▸ **Records provided**:
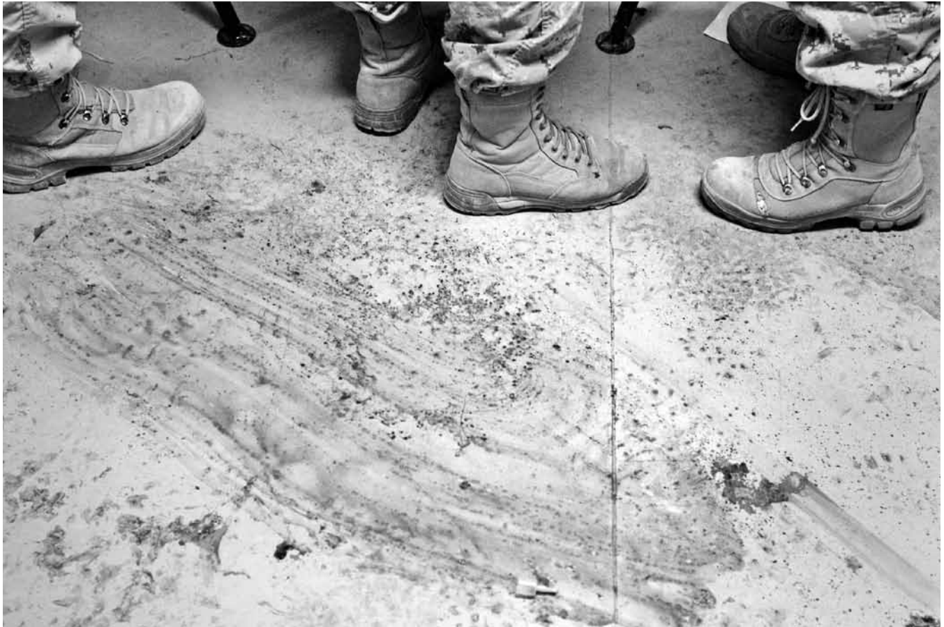
Figure 6. Louie Palu, Canadian medics at a Canadian Forward Operating Base are seen standing on a blood-stained floor while treating four Afghan civilians, one of whom later died from his wounds after they suffered injuries from an apparent improvised explosive device (IED) in Zhari District Afghanistan, 2007. Archival digital print.
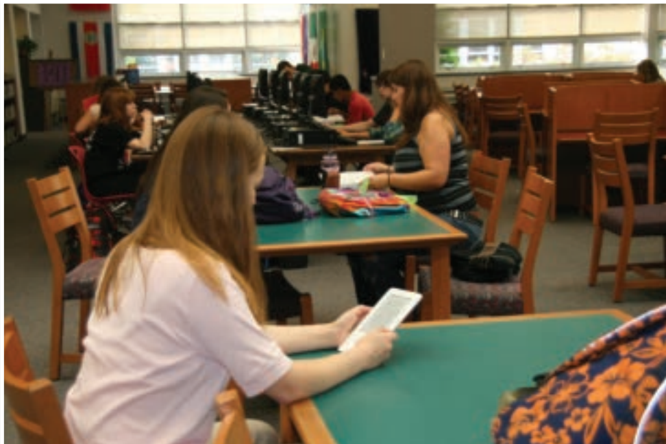
Kindle in the LMC.
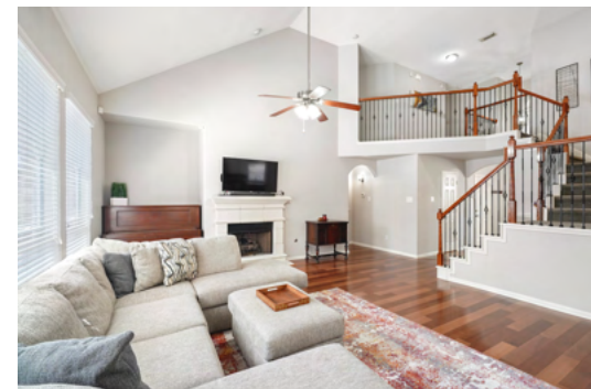
The two story open concept living area is opened up to the second floor, allowing for an airy space with large windows that engulf it with light.
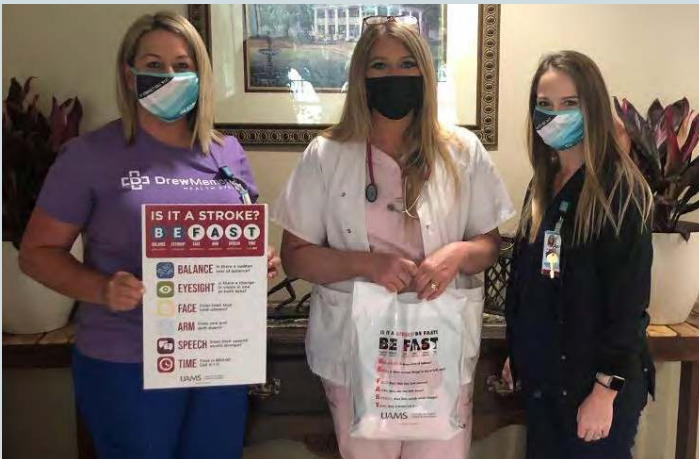
Drew Memorial Hospital & Belle View Estates Rehab and Care Center

Click here to view our Seniors and Stroke PSA.
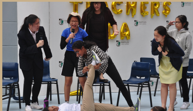
How many 'teachers' can you recognise in this photo?
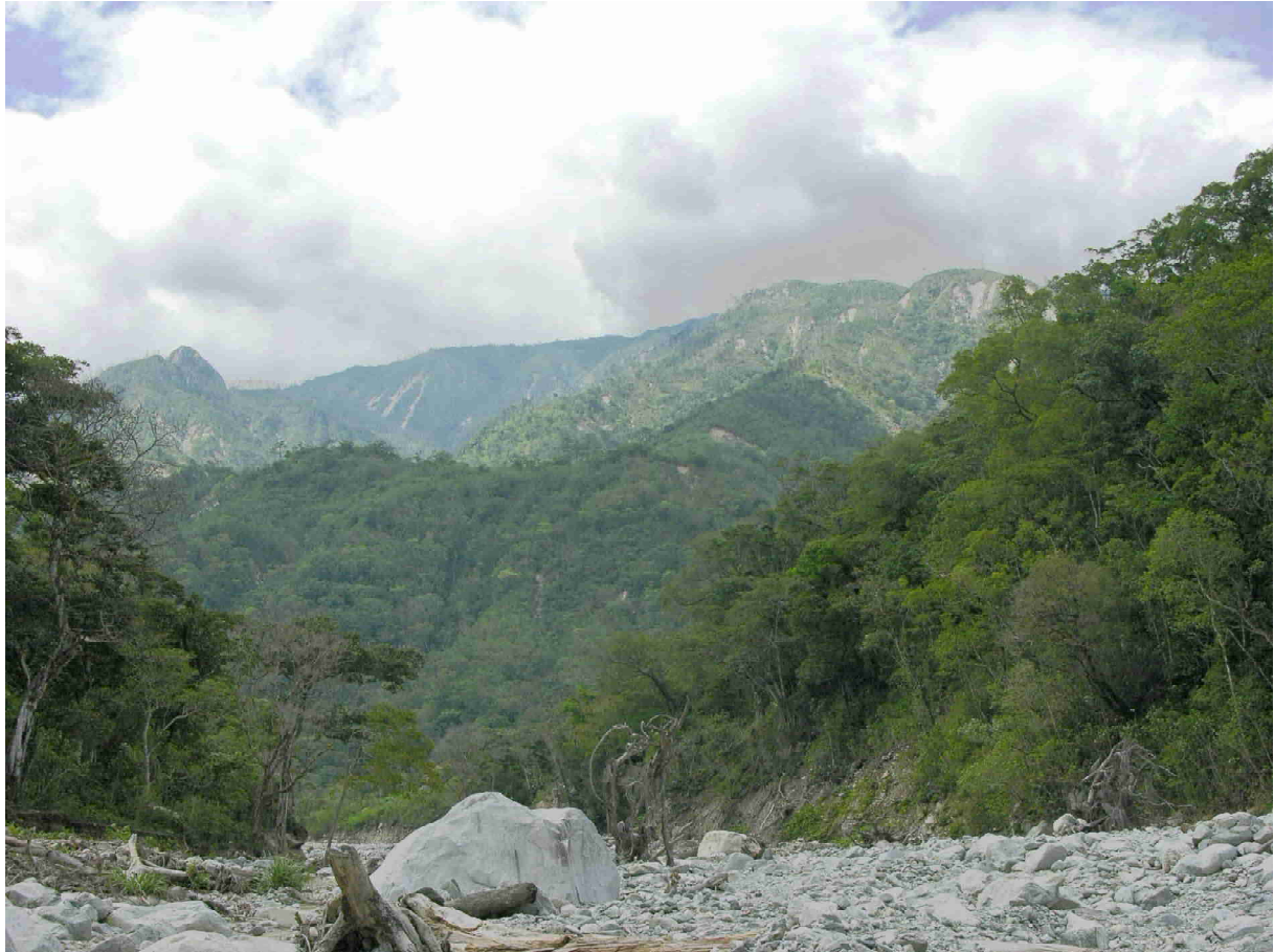
Fig. 14. Type locality of Autolyca elena sp.n.

Рис. 14. Типовое местообитание Autolyca elena sp.n.
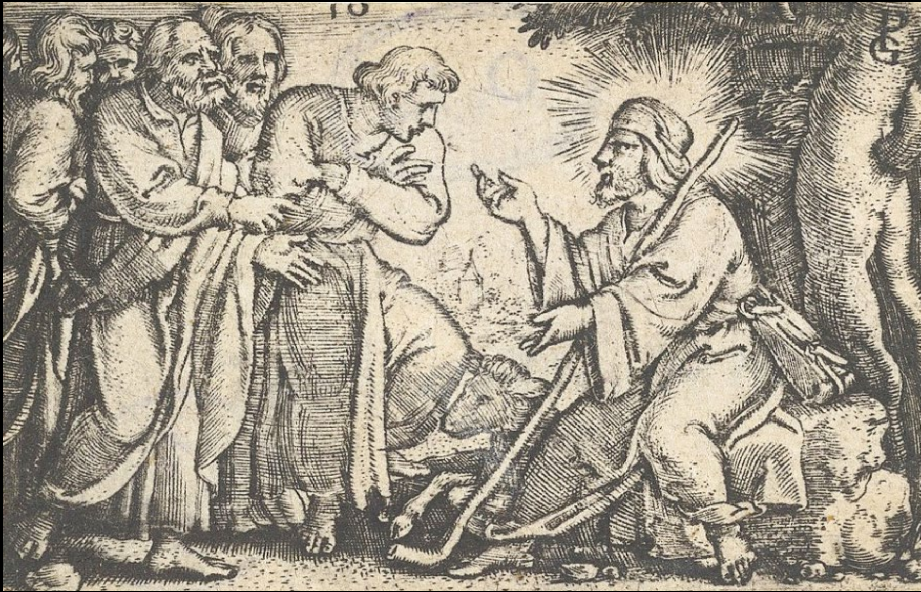
Christ Speaking to the Disciples -- Georg Pencz, Metropolitan Museum of Art, New York, NY
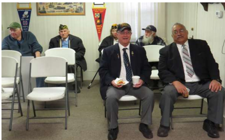
Some members enjoying coffee and donuts at the post following the ceremony.
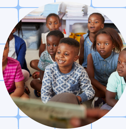
INSPIRING YOUNGER CHILDREN
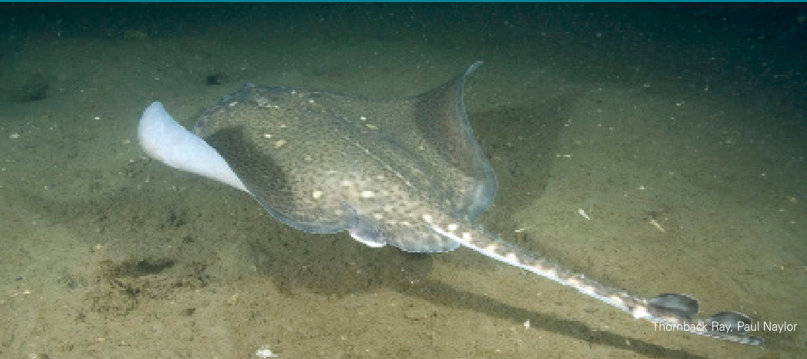
Thornback Ray
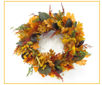
Harvest Wreath 2
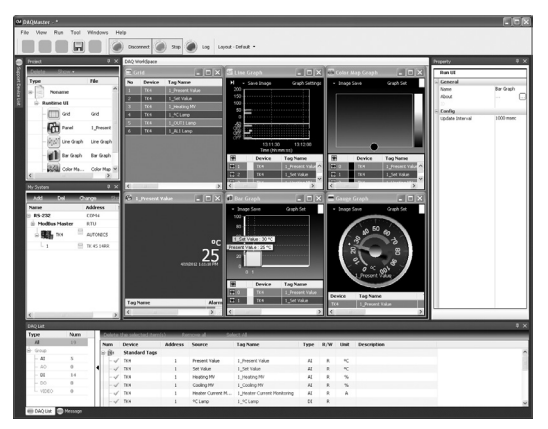
< DAQMaster screen >

XVisit our website (www.autonics.com) to download the user manual and software
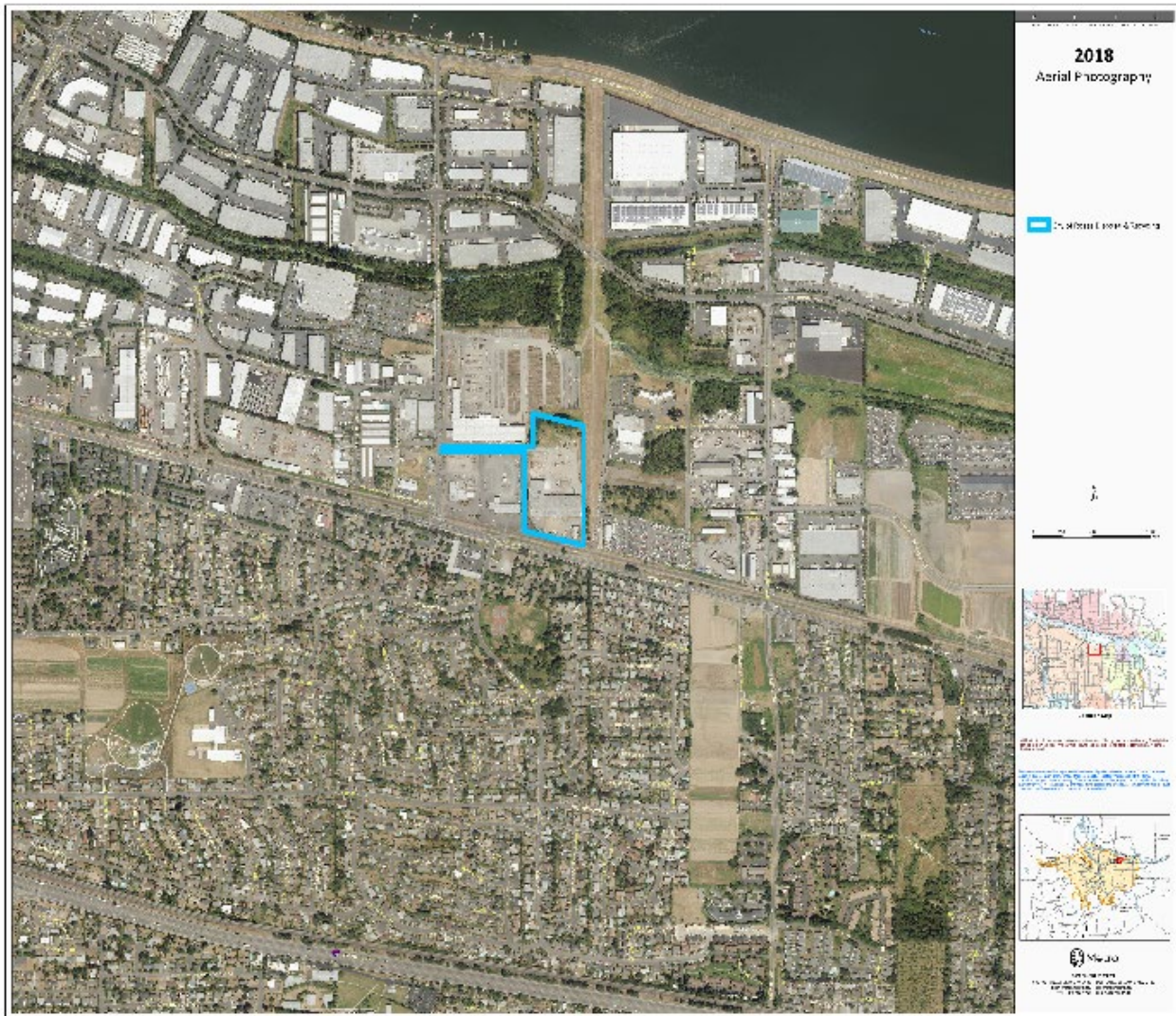
Photo 3: Aerial photo of COR Transfer Station located at 4530 NE 138 th Ave in Portland

▸ **Work order**:
Drop the pictures, then write out only the lines running from the one containing "Some members enjoying" through the last line above, both included, exactly.

▸ **Output for this exercise**:
Some members enjoying coffee and donuts at the post following the ceremony.
INSPIRING YOUNGER CHILDREN
Thornback Ray
Harvest Wreath 2
< DAQMaster screen >

XVisit our website (www.autonics.com) to download the user manual and software
Photo 3: Aerial photo of COR Transfer Station located at 4530 NE 138 th Ave in Portland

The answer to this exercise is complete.